Okay, so maybe I’m still feeling aggressive because of the steroid shot I got yesterday, but I’ve got fire burning and I want to let it out! Watch out AP Statistics exam, hear me roar! I will note that I actually expect to be roundly disagreed with on this one, and I can totally accept that. The confidence interval problem I think is a real one. This one is more questionable.

Last year, the AP Statistics exam had a question that I honestly think/thought is awesome. Zuties!

Everybody liked this problem, but I don’t think the scores were good. Part (a) required a chi-squared test of association/independence for full credit (3 out of 4 points) which was not necessarily obvious to all students.
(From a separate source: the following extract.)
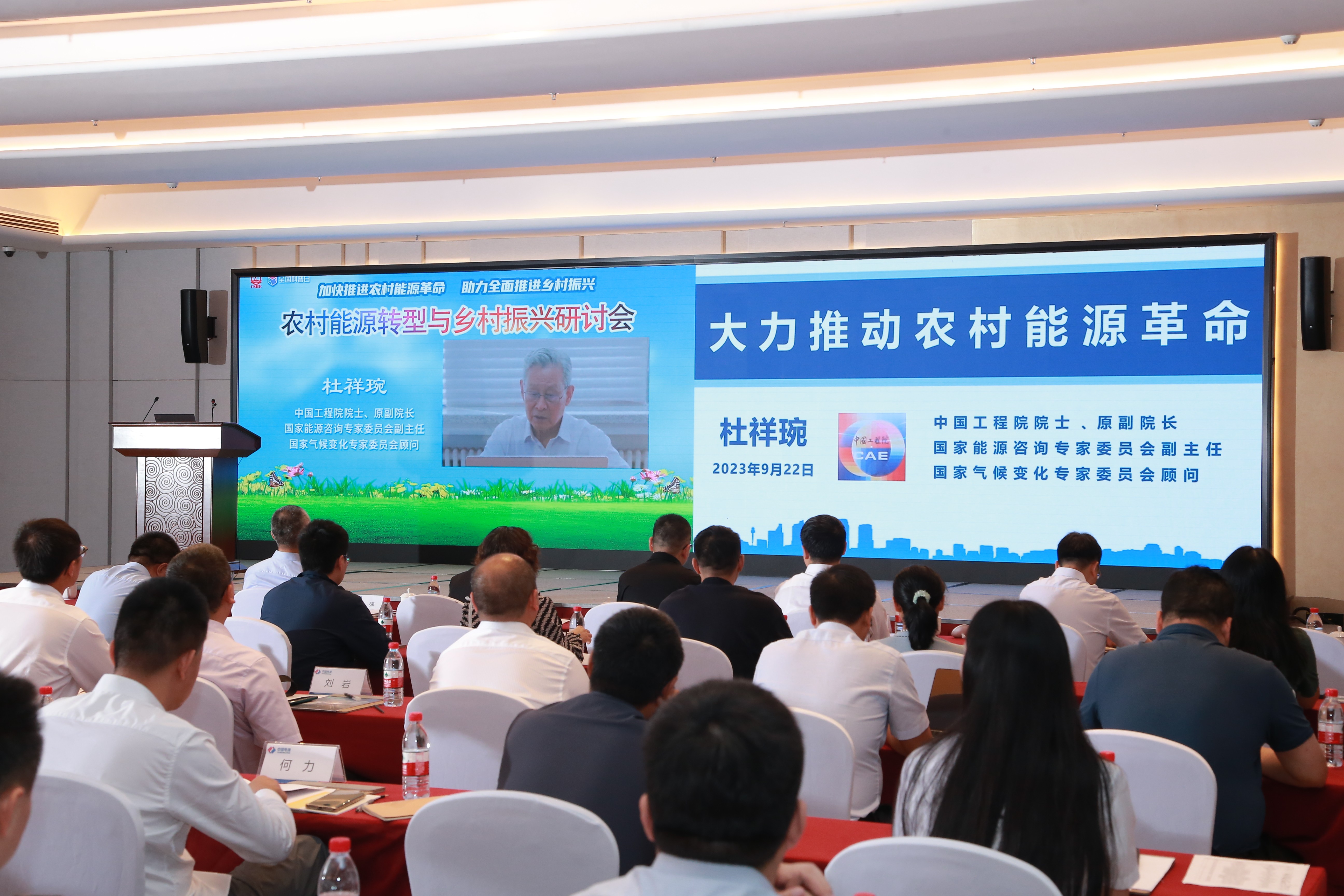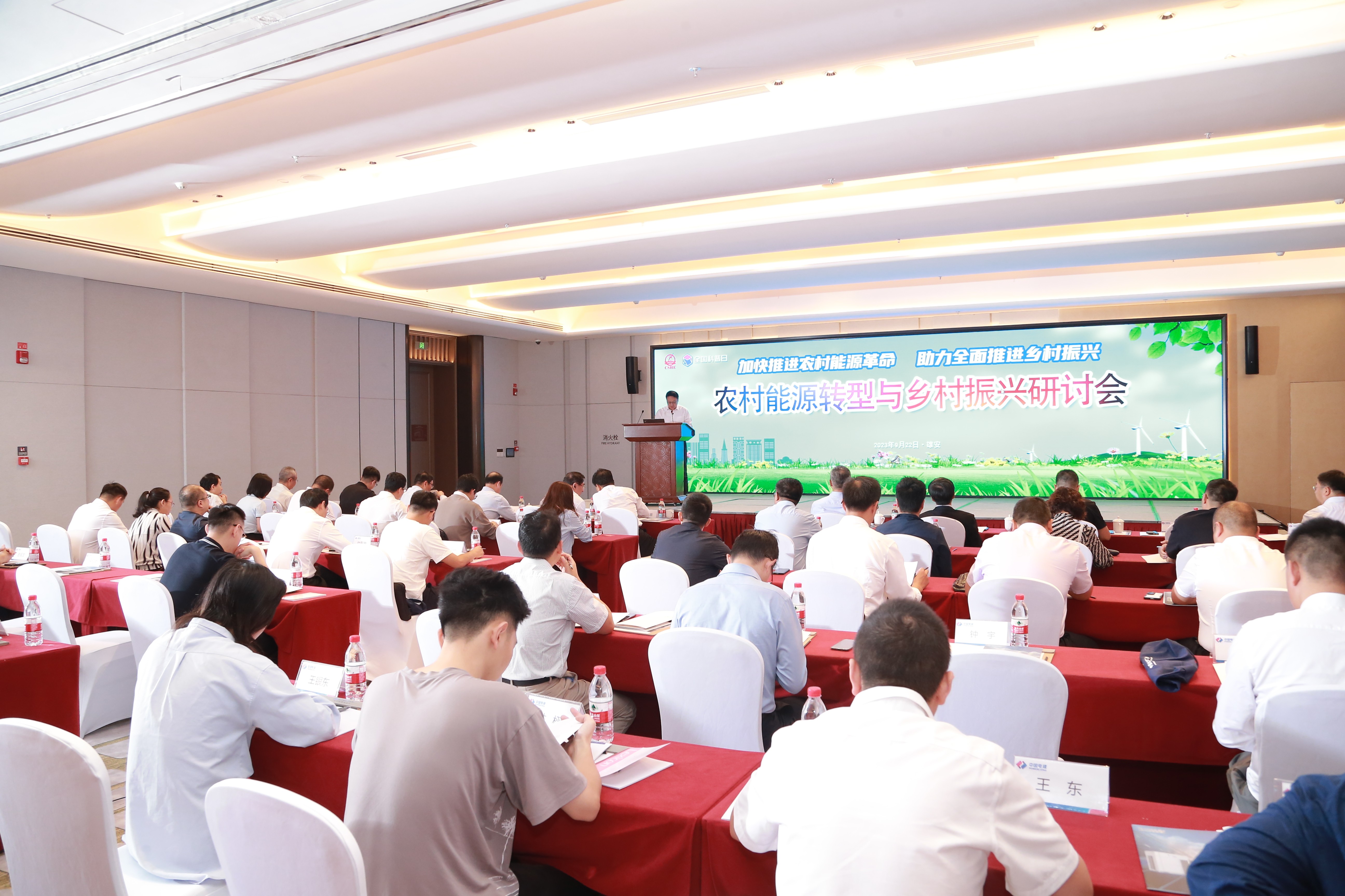 9月22日,以“加快推進農村能源革命,助力全麵推進鄉村振興”為主題的2023年全國科普日係列活動-農村能源轉型與鄉村振興研討會在河北雄安新區舉辦。研討會由188BETApp 和中國電力建設集團有限公司鄉村振興辦公室聯合主辦。中國工程院院士杜祥琬(線上參會),雄安新區黨工委副書記、管委會常務副主任田金昌,中國電力建設集團有限公司原副總經理姚強,國家開發銀行貸款委員會原專職委員王偉化,水電水利規劃設計總院黨委委員、總規劃師張益國,188BETApp 常務副秘書長席浩,以及來自全國能源及上下遊企業的70餘名管理人員、工程技術人員及鄉村振興科技工作者參加了本次研討會,同時線上有9.6萬人次觀看了會議直播。會議由188BETApp 秘書長助理、科普部主任楊永江主持。

So my argument here is with “convincing statistical evidence”. Apparently in AP Stats world, that has become secret code for “do a test” but I would like to argue that is not a good thing. This sort of universal “testing is the only way!” argument is what has led to the over-use of p-values as a measure of success in scientific journals, the rise of p-hacking, and in general the lack of understanding of the nuances of statistical arguments in scientific papers, not to mention contributing to the problem that people reading the articles (e.g untrained journalists) not really understanding the results and sensationalizing them. THERE ARE OTHER WAYS.

For example, consider this bar graph:

That is a lovely bar graph. And from that bar graph it is *incredibly obvious* that the apple ad group is REALLY different from the other two. I don’t need to run a test to know that. It’s clear. We spend a lot of time in early chapters talking about interpreting these bar graphs, and this is the kind of thing we ask: “Is there a relationship between type of ad and Zuties chosen?” is an easily, comfortably answerable question here without running a test. And I think it is statistically convincing. I am convinced by these statistics, and I think anybody would be.
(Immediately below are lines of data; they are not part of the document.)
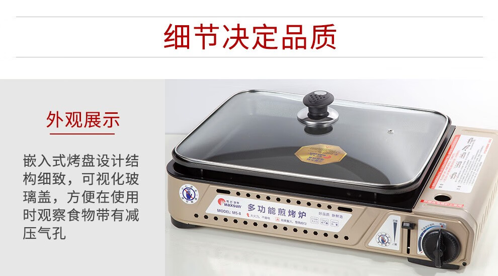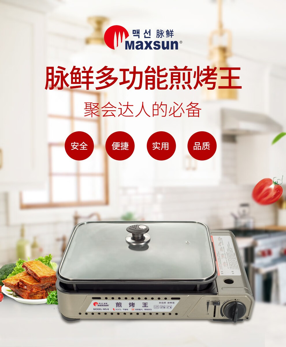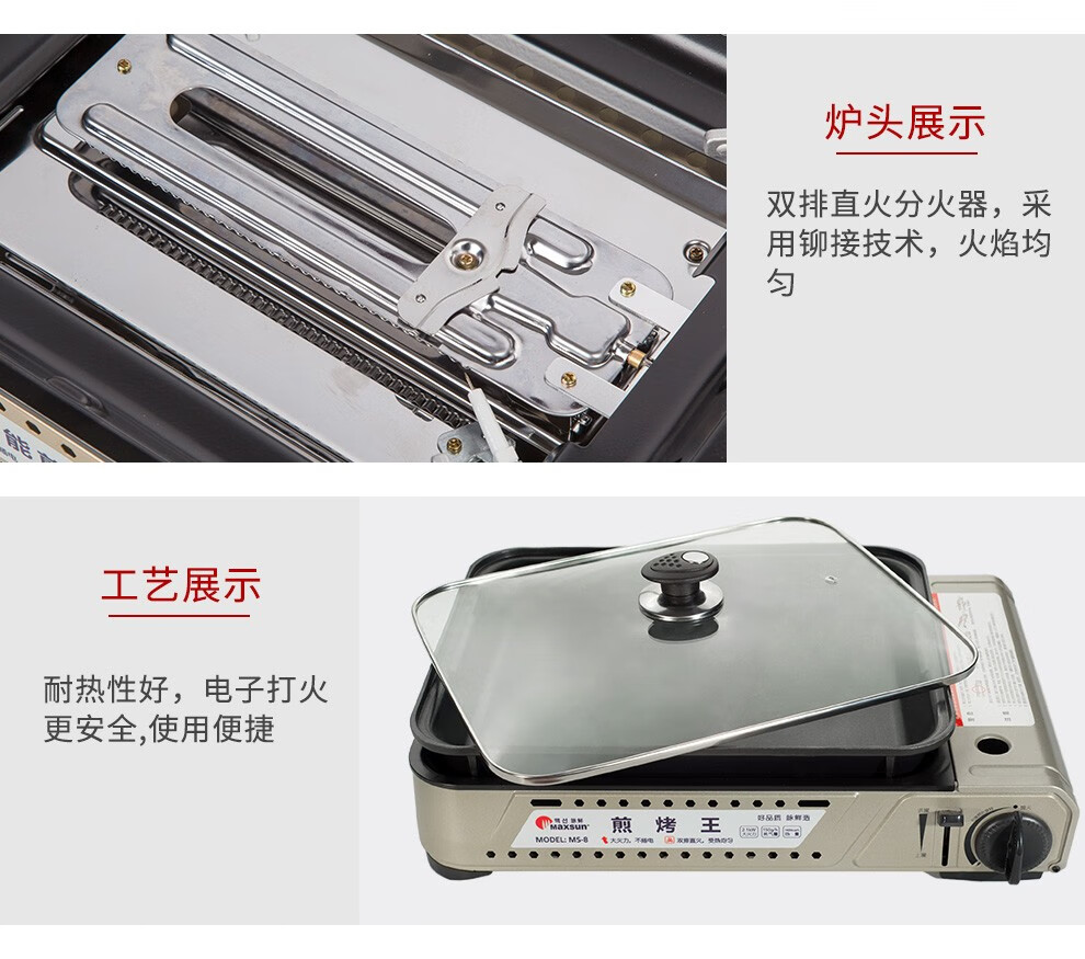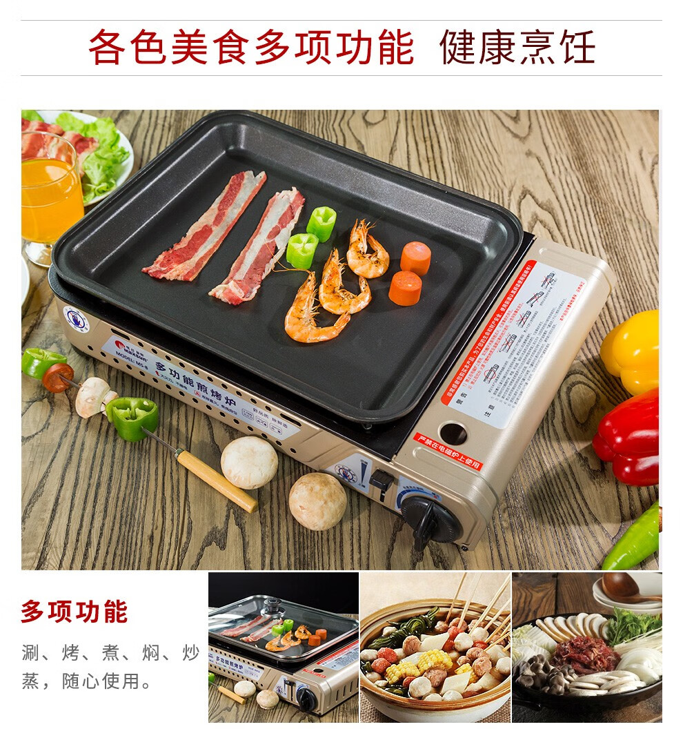 脉鲜家用户外便携式炒菜卡式炉烧烤炉不粘铁板烧烤肉盘移动式卡式炉 烧烤炉(带手提箱)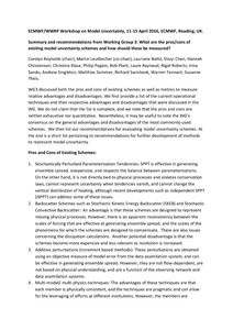 WG3 discussed both the pros and cons of existing schemes as well as metrics to measure relative advantages and disadvantages. We first provide a list of the current operational techniques and their respective advantages and disadvantages that were discussed in the WG. We do not claim that the list is complete, and we note that the pros and cons are neither exhaustive nor quantitative. Nevertheless, it may be useful to note the WG’s consensus on the general advantages and disadvantages of the most commonly-used schemes. We then list our recommendations for evaluating model uncertainty schemes. At the end is a short list pertaining to recommendations for further development of methods to represent model uncertainty.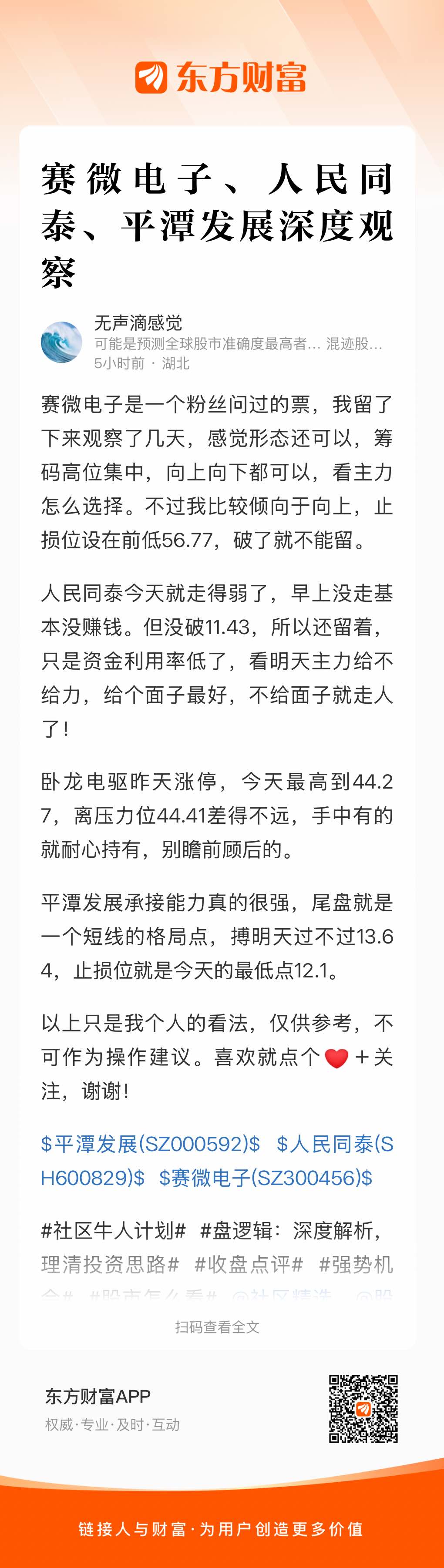 $平潭发展(SZ000592)$ $人民同泰(SH600829)$ $赛微电子(SZ300456)$
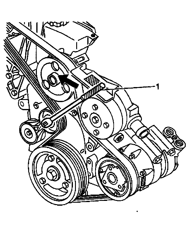 1. Remove the drive belt tension by lifting or rotating the drive belt tensioner off of the drive belt, using a 3/8-inch breaker bar (1).

We should only need to run a test in situations where the difference is not obvious. If the middle one were 18 chocolate and 7 apple, then I’d say “hmm. It’s hard to tell if they are different enough to matter..” and a hypothesis test would be needed. But this one is obvious. And I know I’m right, because if you DO run the test the p-value is, I kid you not, *0.006*. That is INCREDIBLY tiny in AP Stat terms. This difference is HUGE. Saying that we needed a test to confirm that is the height of p-value worship and distrust of reasonable interpretation.
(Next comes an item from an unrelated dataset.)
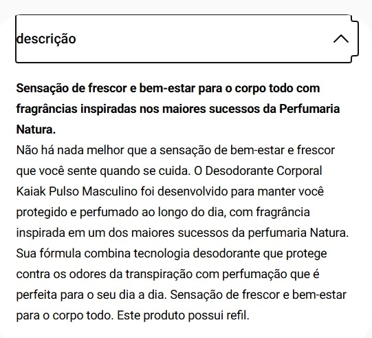 Não há nada melhor que a sensação de bem-estar e frescor que você sente quando se cuida. O Desodorante Corporal Kaiak Pulso Masculino foi desenvolvido para manter você protegido e perfumado ao longo do dia, com fragrância inspirada em um dos maiores sucessos da perfumaria Natura. Sua fórmula combina tecnologia desodorante que protege contra os odores da transpiração com perfumação que é perfeita para o seu dia a dia. Sensação de frescor e bem-estar para o corpo todo. Este produto possui refil.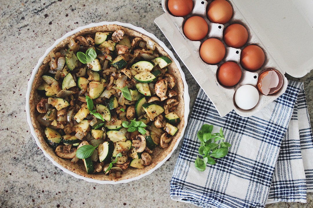 Finhacka lök, vitlök, squash och champinjoner. Stek grönsakerna gyllene i lite olivolja. Smaka av med salt och peppar. Fördela grönsakerna i pajskalet. Vispa ihop ägg och mascarpone (eller ev. annan ost) och häll massan i pajformen. Grädda pajen i 20–30 minuter vid 200 grader tills pajen är gyllenbrun och äggmassan har stelnat.

Moreover, if a qualitative answer is allowed and used for the first question, then the second question becomes more obvious. the choco-zuties ad didn’t really change any minds relative to no ad, so there’s no real reason to run choco-zuties commercials, but the apple-zuties ad clearly changes things. That is a qualititative answer, based on the bar graph, and IS what the second question wanted. All that work to get a p-value just to confirm something obvious that doesn’t actually help answer the most interesting question about this data. In fact, that second question makes me think that a much more reasonable question in the first place was “Do the apple ads or chocolate ads seem to differ from the group that received no ads?” which could be quantitatively answered by two separate 2-prop-z-tests (or chi-square tests with one degree of freedom – or confidence intervals!) one of which would have a very high p-value (chocolate is close to none – honestly, too obvious to need a test) and one of which would have a very low one (apple very different from none – honestly, too obvious to need a test) and would have provided more useful quantitative evidence for this last question anyway.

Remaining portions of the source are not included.